Obtaining a probability inequality from another?

Question

Let X and Y be two independent random variables. If I know for some function f that $E_Y[f(X,Y)]$ exists and $P_X[f(X,Y)>t|Y]<\delta$ holds (for any fixed instance of Y) then does it follow that $P_X[E_Y[f(X,Y)]>t]<\delta$?

Here is an attempt, but I'm not sure if it is correct or not:

Define the event $A="f(X,Y)<t"$. We know that $P_X(A)\ge 1-\delta$. Let event B be $B="E_Y[f(X,Y)]<t"$. Now, $A=>B$. Therefore, $P_X(A) <= P_X(B)$, and since $P_X(A)\ge 1-\delta$ we get that $P_X(B)\ge 1-\delta$, which is the same as $P_X(\neg B)<\delta$.

Answer 1

I believe that this is not true. Let $X$ and $Y$ be uniform on $[0,1]$, let $\mu$ be the measure associated to $X$ and $\nu$ be the measure associated to $Y$. Fix $n \in \mathbb{N}$ and consider the function $$ \begin{align} f(x,y) = n(t+1) \sum_{k=0}^{n-1} {\bf 1} \left[\frac{k}{n} \leq x,y \leq \frac{k+1}{n} \right]. \end{align} $$ This function is $0$ everywhere except on the squares of size $1/n$ along the diagonal.

Then $\mathbb{P}(f(x,y) > t|Y) = 1/n $, $\nu$ a.s., but $\mathbb{E} \left[ f(X,Y) | X \right] = t+1$, $\mu$ a.s.

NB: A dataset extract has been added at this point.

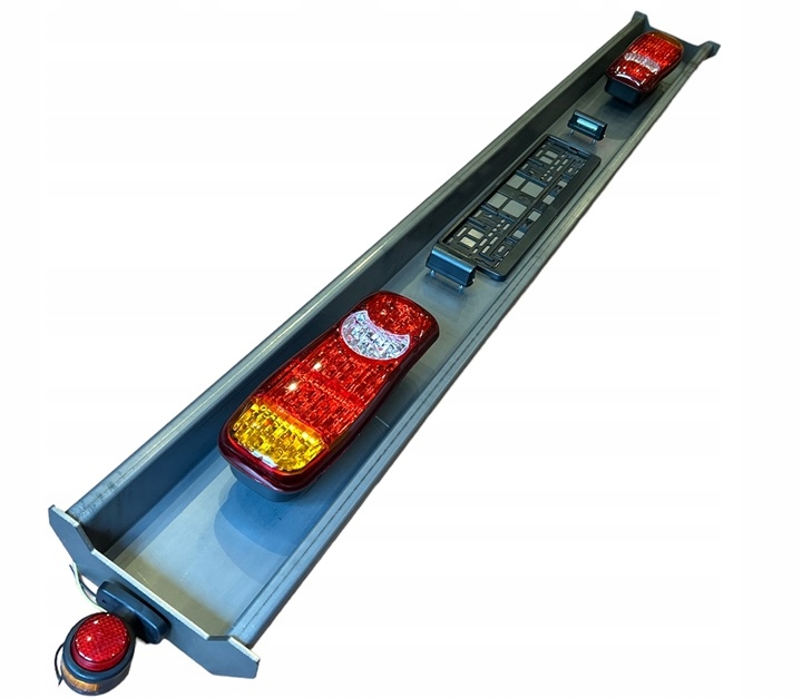 Світловий промінь із набором світлодіодних задніх світильників, з світлодіодними світильниками підсвічування номерного знака, бічного контуру, кінця променя та рама під реєстраційною табличкою.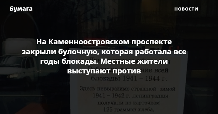 В Петроградском районе Петербурга закрылась булочная, которая проработала все годы блокады. Местные жители выступают против и создали на сайте Change.org петицию с требованием спасти историческое заведение.

Here's why your answer doesn't work. You have $A = \left\{ (x,y) : f(x,y) < t \right\}$. Let $A_y = \left\{ x : f(x,y) < t \right\}$. Your hypothesis is that $\mu(A_y) \geq 1 - \delta$ a.s. with respect to $\nu$. Your event $B$ is $\left \{ x : \int f(x,y) d\nu(y) < t \right \}$. It is not true that for a particular $y$ the random set $A_y$ contain $B$. It is true that $B$ is contained in $\cup_y A_y$ but this is an uncountable union. So you can't say anything about $\mu(A)$ from knowing $\mu(A_y)$ for $y$ a.s with respect to $\nu$.